Выбери любимый жанр

Долина Новой жизни - Ильин Федор Николаевич - Страница 14


Изменить размер шрифта:

14

Шервуд был одним из строителей Панамского канала, а теперь вел здесь громадную работу по сооружению шлюзов. Что касается Крэга, то он принадлежал к неизвестной национальности, прошлое его было темно. Единственной заслугой его, кажется, были слепое послушание Куинслею и полное отсутствие инициативы.

Мартини тихонько тронул меня за руку и показал глазами, чтобы я следовал за ним. Мы медленно продвигались по комнатам, теперь уже наполненным гостями. Присматриваясь, я убедился, что большинство держались кучками, группируясь по национальностям; из одного угла доносилась французская речь, из другого – английская, тут говорили по-немецки, а там по-русски.

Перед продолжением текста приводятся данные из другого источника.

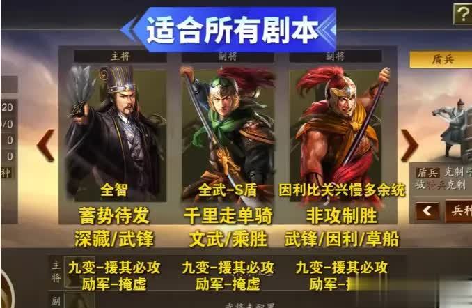 战法自带先攻也不需要给SP诸葛亮额外加速度,张苞加强之后从原来只给关兴抵御,扩大到给群体2-3人施加抵御,抵御有机会额外覆盖到SP诸葛亮,防御更完善,但是对必中几乎没有抵抗能力。比如凌统、孙权、兵书精准,前三回合很容易吃掉北伐。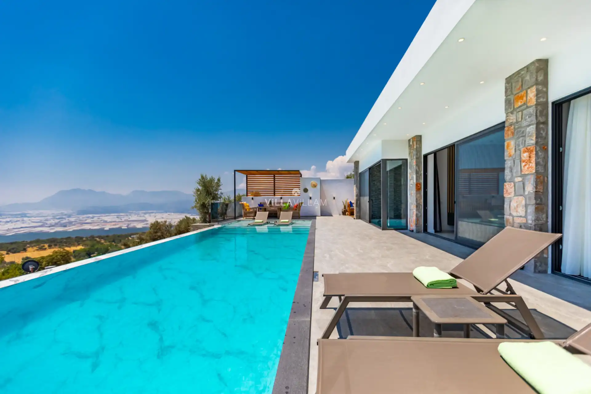 Kalkan Üzümlü bölgesinde deniz ve doğa manzaralı villamız 2 adet suit yatak odasıyla 4 kişilik konaklama kapasitesi sunmaktadır. Bir yatak odasında çift kişilik yatak, diğer yatak odasında ise birleştirilebilir sisteme sahip iki tek kişilik mevcuttur.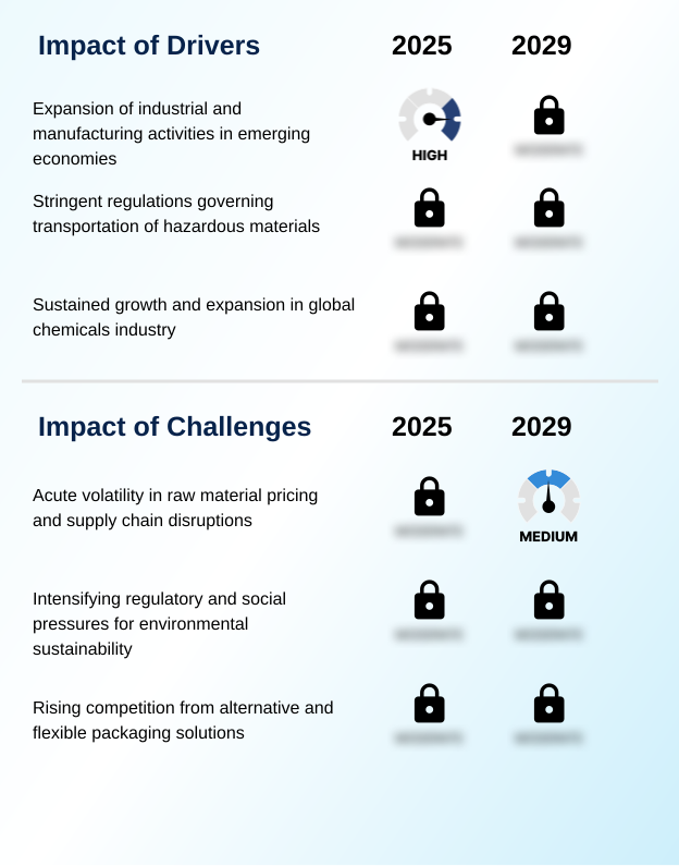 Despite its high growth, the APAC market, which accounts for a small yet growing share of the global opportunity, faces unique challenges. The market is highly fragmented, with numerous local players competing on price, which can impact quality and safety standards. Furthermore, the infrastructure for collecting and recycling used industrial packaging is still developing in many parts of the region, lagging behind more mature markets. This hinders the widespread adoption of a circular economy model and presents logistical complexities across its diverse geographies.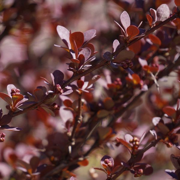 Dwarf Mini Maroon® Barberries are excellent in containers and thrive on balconies and postage-stamp-sized urban gardens! Try potting one up in a container or urn as the focal point thriller and highlight it with some golden Creeping Jenny!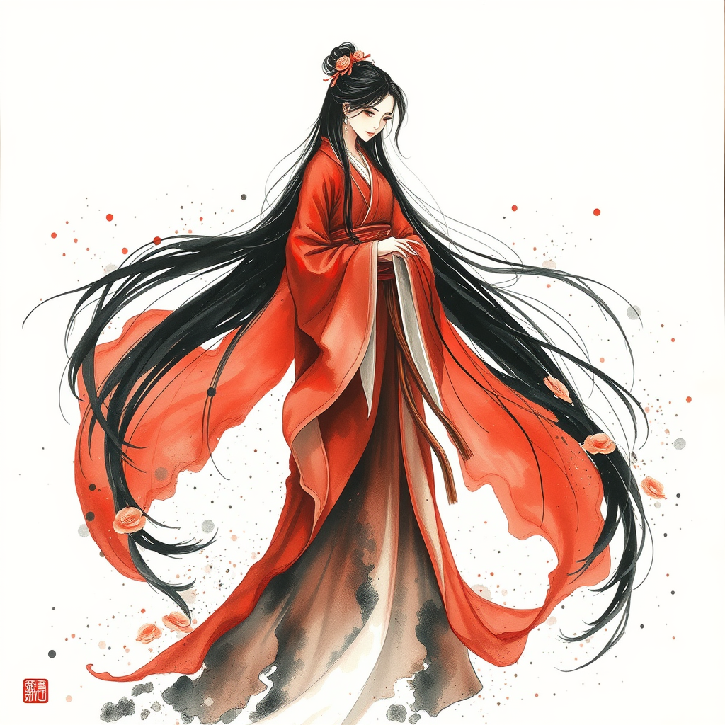 A delicate ink wash painting of a woman in a flowing red robe, her long black hair cascading like a waterfall, surrounded by an epic fantasy landscape. The scene is inspired by traditional Chinese painting techniques, with splattered and dripped ink details adding texture. She stands poised against a soft, white background, evoking a sense of ethereal beauty. Her traditional costume is rich in detail but softened by a gentle, soft-focus lens effect, blending elegance and mystique in a harmonious dance of colors and light.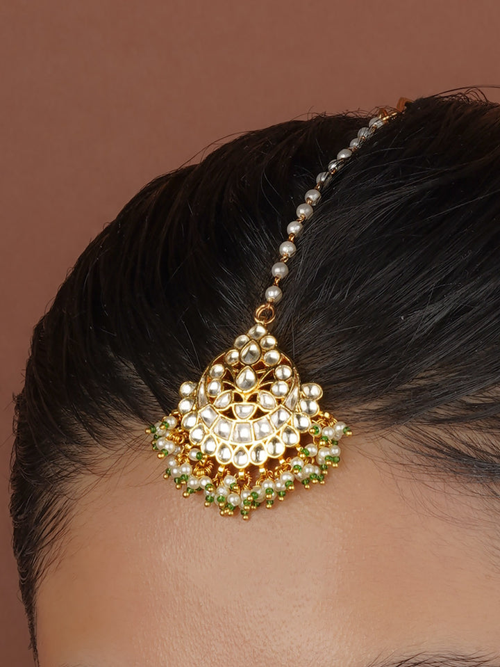 Green Color Gold Plated Jadau Kundan Maangteeka - MT517Y

Мы прошли мимо групп, разговаривающих по-японски, по-китайски, и внешность говоривших вполне подтверждала их происхождение. Разговаривали шумно и очень мало смеялись. Лица у всех были серьезны и, я бы сказал, скучающие. Из отрывков доносившихся фраз я мог заключить, что научные темы были исключительным предметом разговоров. Только в помещении бара обстановка была другая. Здесь стояли хохот и веселье. Множество бутылок и стаканов на столиках делало понятным это веселье. Тут я услышал рассказы о давних происшествиях, имевших место на далекой родине, и незамысловатые анекдоты, слышанные тоже давным-давно.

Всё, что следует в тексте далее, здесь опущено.